Ce qui me paraît important c’est de démontrer la valeur sociale et environnementale des externalités positives, de la production contributive par le biais des communs; et la capacité de neutraliser des externalités négatives, ce qui se traduit par des gains tout à fait essentiels au niveau de la dépense publique, qui peuvent alors être transférés vers les communs, dans une “finance circulaire”.

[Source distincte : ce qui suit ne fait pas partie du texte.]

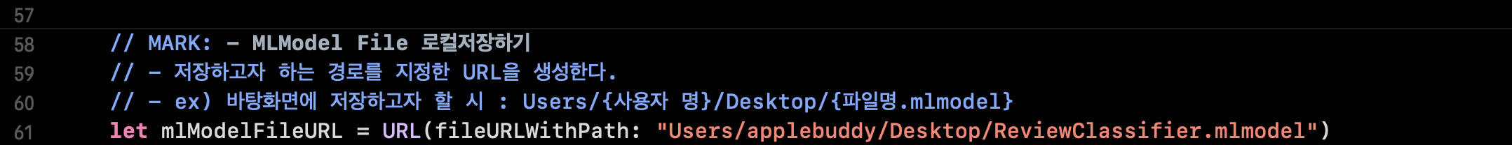 먼저, MLModel을 저장할 경로를 지정합니다. 저의 경우, 바탕화면에 저장하도록 URL을 지정했습니다. URL구조체의 생성자 인자에 지정한 URL경로를 넣어서 URL을 지정합니다.
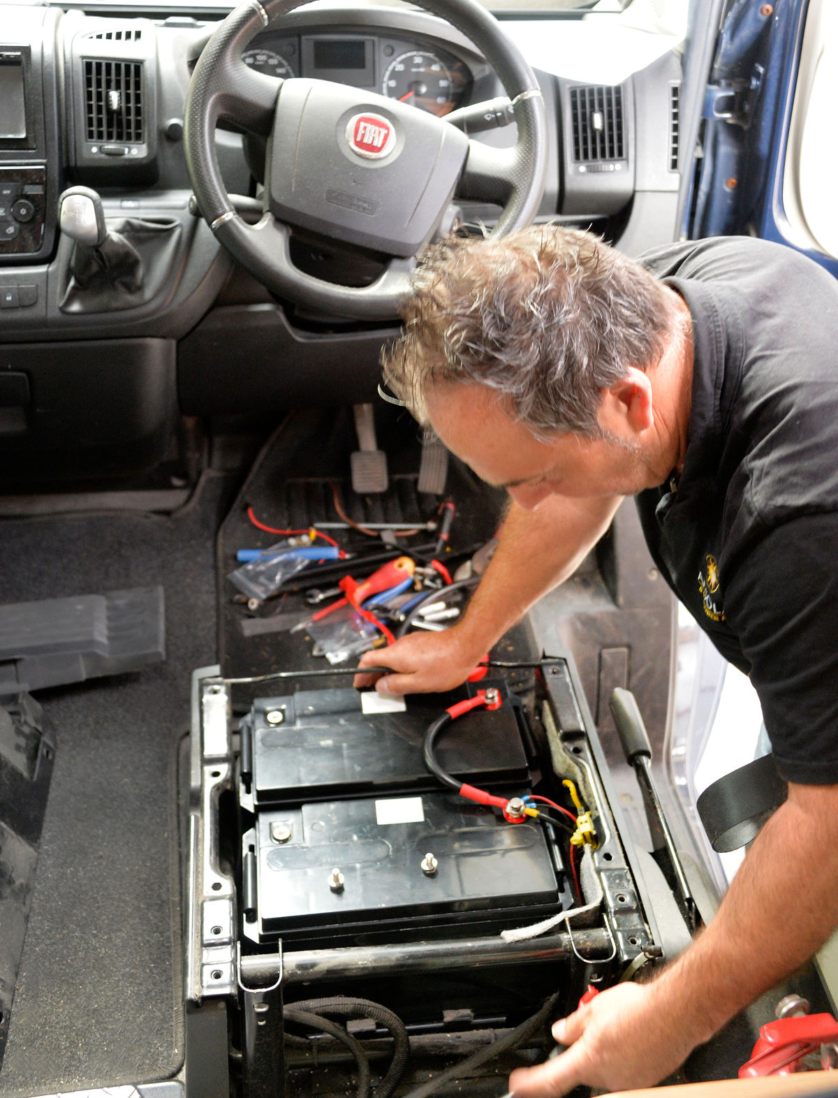 Thorsten was the technician on the job and got into taking Rafe’s seat out to get at the batteries underneath.
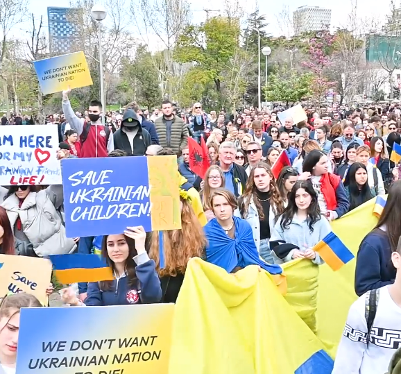 Në mbështetje të qëndresës heroike të popullit ukrainas kundër agresionit rus, komuniteti ukrainas në Shqipëris organizoi protestën në Tiranë, ku morën pjesë disa qindra mijëra qytetarë (08.04). Manifestuesve iu bashkuan edhe përfaqësues të trupit diplomatiktë akredituar në Tiranë, kryetari i Bashkisë së kryeqytetut Erion Veliaj, politikanë, organizata të shoqërisë civile.
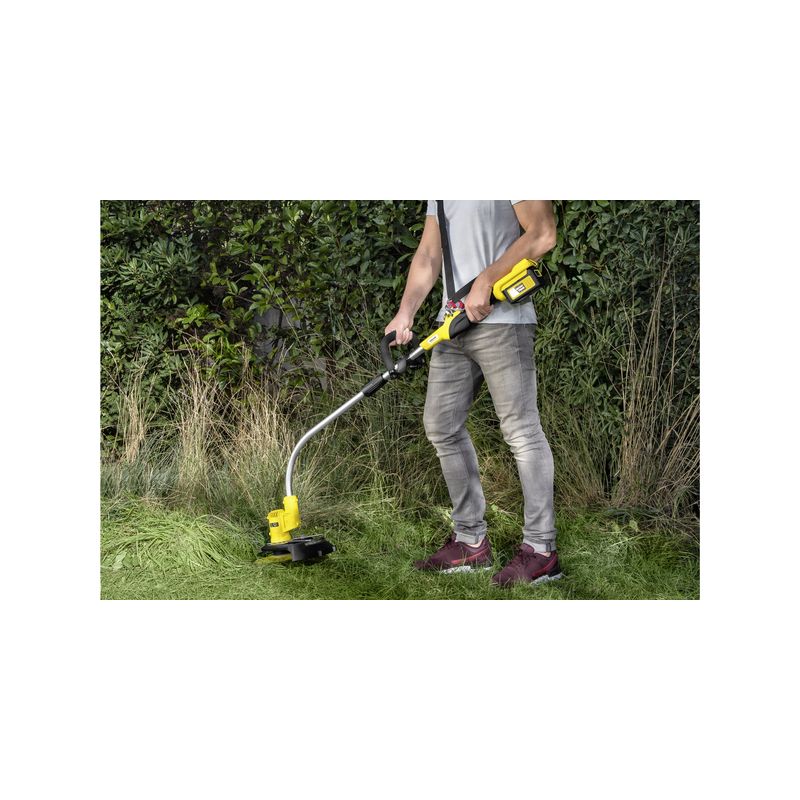 Todos los jardines tienen rincones ingratos a los que es difícil llegar con el cortacésped o que presentan obstáculos, como un muro adyacente o un arbusto. Para trabajar en estos rincones sinuosos hace falta un equipo pequeño, flexible y, por supuesto, potente: una podadora de Kärcher. Esta contiene un hilo de corte girado que se reajusta constantemente mediante la alimentación automática del hilo en el carrete. Así, el hilo siempre tiene la longitud perfecta en cada corte y se garantizan unos resultados limpios. Cuando se gasta el hilo, se puede sustituir el carrete en pocos pasos, sin necesidad de utilizar herramientas. Y ya se puede seguir en busca de la última brizna de hierba.
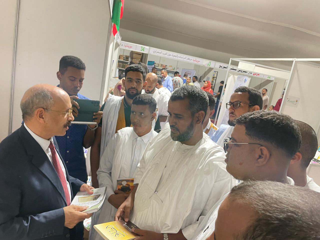 شهد جناح مؤسسة رسالة السلام بمعرض نواكشوط الدولي للكتاب زيارة رسمية لوفد طلاب مجلس العلوم الشرعية الشنقيطية التقليدية برئاسة الدكتور سيد أحمد سيدي الخليل “ أبو سهلة ” .
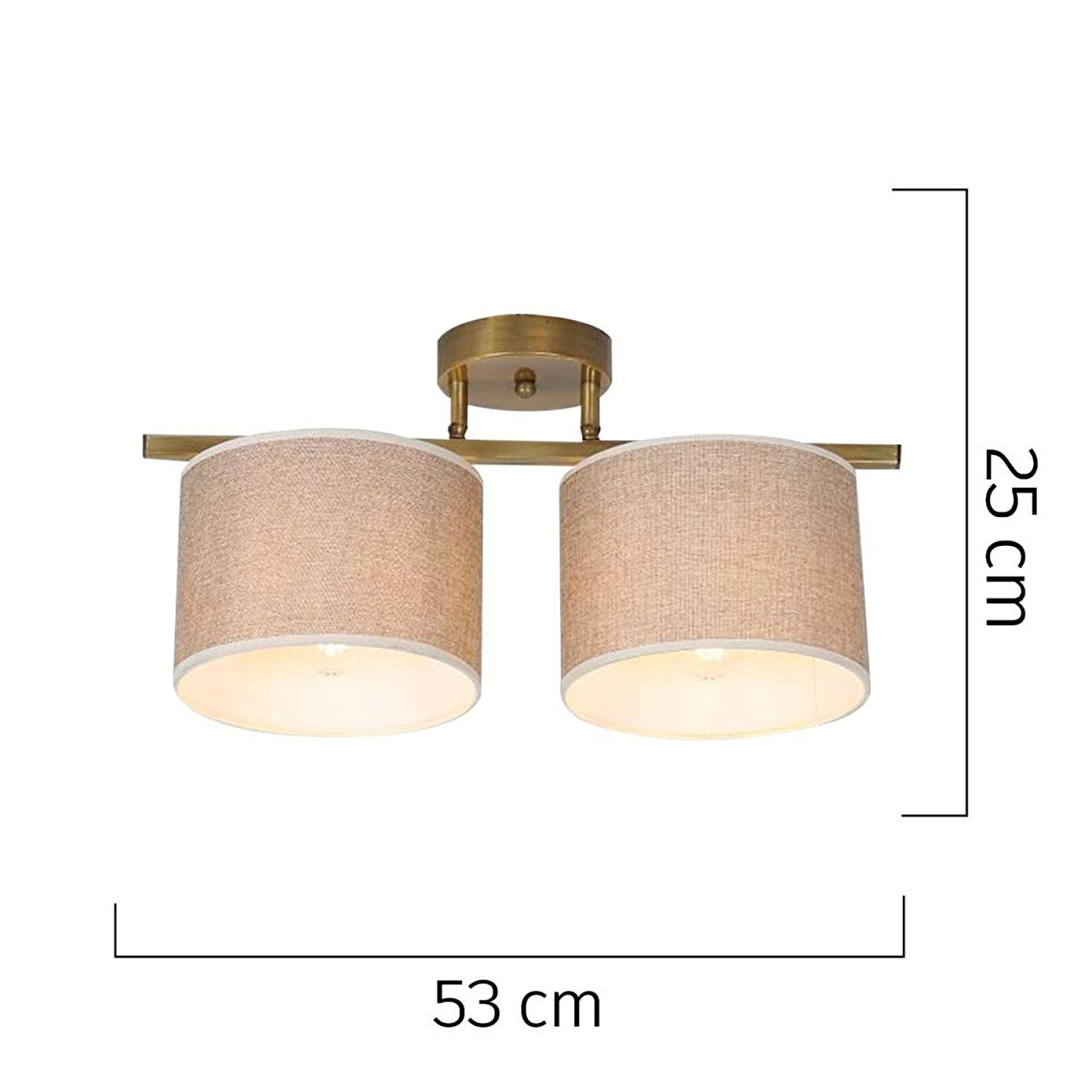 Sade ve şık tasarımıyla öne çıkan bu tavan armatürü, hem modern hem de klasik dekorasyonlara uyum sağlar. Eskitme rengi sayesinde mekanınıza nostaljik bir sıcaklık katarak, aydınlatmanın yanı sıra dekoratif bir obje işlevi de görür. Dayanıklı metal yapısı uzun ömürlü kullanım sunarken, kolay montaj özelliği ile pratik bir tercihtir. Özellikler; Ürün En: 50 cm; Boy: 20 cm; Renk: Eskitme; Materyal: Metal; Duy Tipi: E-27; Ampul: Dahil değildir; Boy: Sabit; Garanti: 2 Yıl
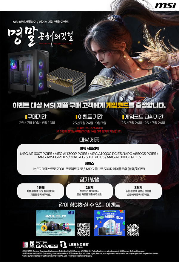 MSI는 PC 케이스 또는 파워 서플라이 구매자에게 신작 액션 RPG '명말: 공허의 깃털' 게임 코드를 증정하는 프로모션을 진행한다.
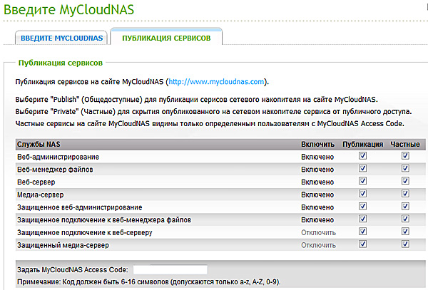 Далее вы даете имя своему серверу (он будет вида ваше_название.mycloudsnas.com) и определяете, какие сервисы публиковать и в каком доступе.
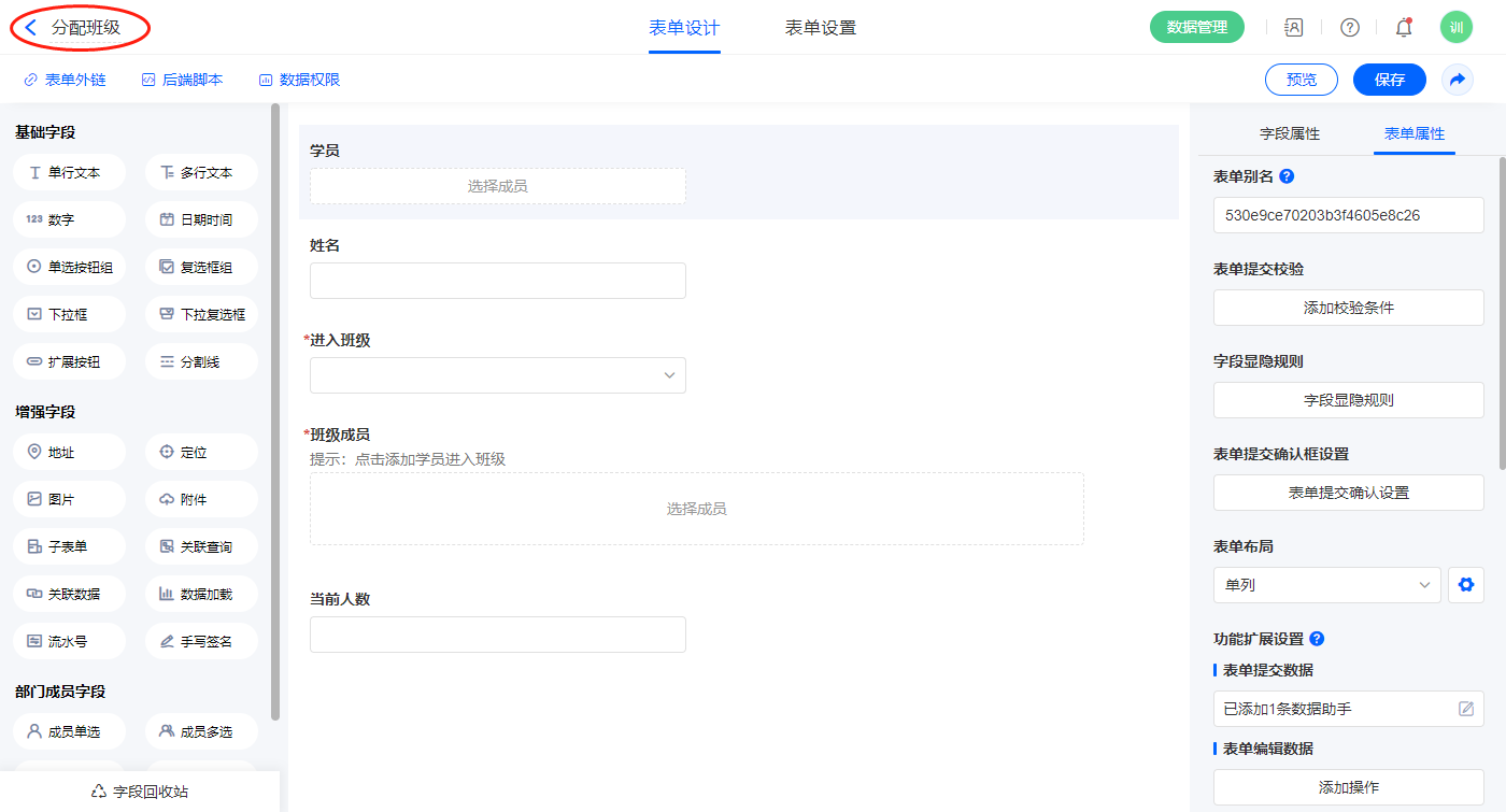 2)表单提交设置1条数据助手,名称为修改班级人数;
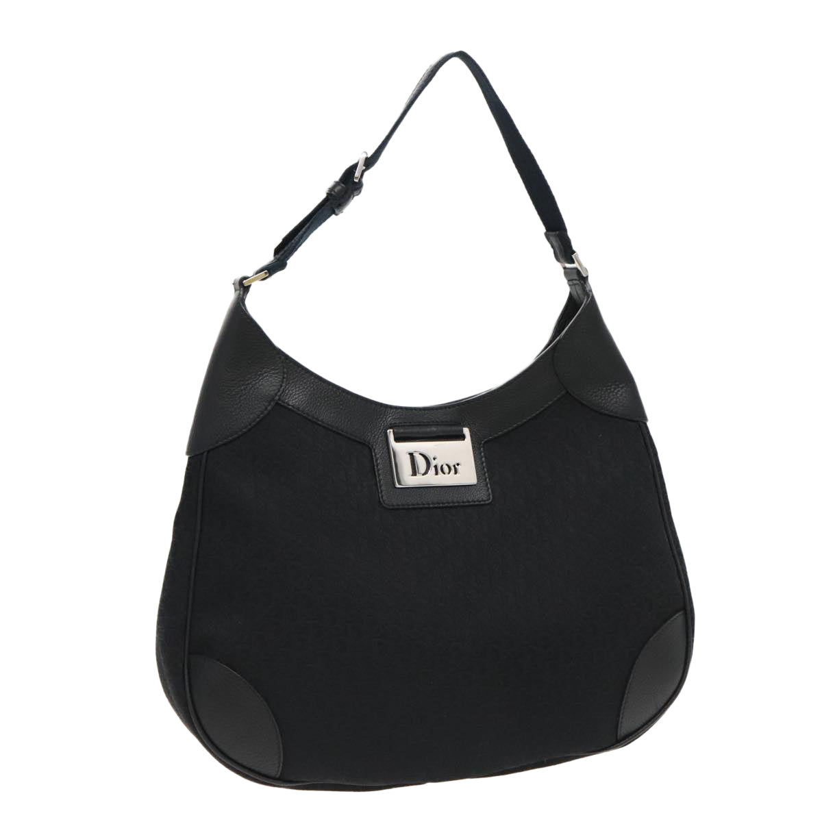 Christian Dior Trotter Canvas Shoulder Bag Black Silver Auth yk15711AM
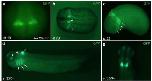 FIGURE 2 Spatial and temporal domains of the sox10:GF P reporter expression during development. GFP reporter expression in Tg(sox10:GFP) embryos at different stages. a, b, stages 19, 23 . White arrowhead in b marks hindbrain expression, the arrow points to migrating NC cells. c, stage 25. Major cranial migratory streams are indicated by arrows, white arrowhead points to the otic vesicle, yellow arrowhead to the hindbrain domain. d, stage 33/34. GFP fluorescence is visible in the otic vesicle (white arrowhead), and three branchial arches (arrows).Yellow arrowheads point to the expression in the eye (a positive control GFP driven by the gamma-crystallin promoter, see Methods) and the hindbrain. (c, d) Lateral view is shown, anterior is to the left. (e) stage 33/34, dorsal view. Strong GFP signal remains in the hindbrain,weaker signals are detected in the forebrain and the otic vesicle. |
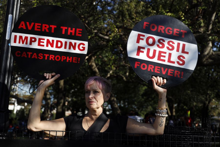 A woman participates in a strike to call attention to climate change in New York, the United States, on Sept. 20, 2019. (Xinhua/Li Muzi)
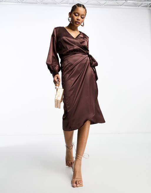 Never Fully Dressed satin wrap midaxi dress in chocolate brown

Une deuxième priorité du moment me paraît la capacité de démontrer par l’exemple l’impact bénéfique en termes d’emplois “ayant du sens”, et donc d’avoir des « green new deal » , orientés communs, au niveau du territoire. Nous devons démontrer que les communs créent vraiment de la valeur, et que cette création de valeur permet de créer des mécanismes de financement de tout le travail regénératif qui se fait par le biais des communs. Pour défaire l’alliance entre les forces extractives et une classe ouvrière désœuvrée, il faut recréer un tissu productif qui embrasse les travailleurs de la connaissance, avec les travailleurs de tous bords. Concrètement par exemple, un projet d’alimentation bio pour tous les élèves de l’enseignement public d’une commune, cela signifie du travail pour les paysans, pour les coursiers, pour les cuistots,… tous unis dans un écosystème collaboratif.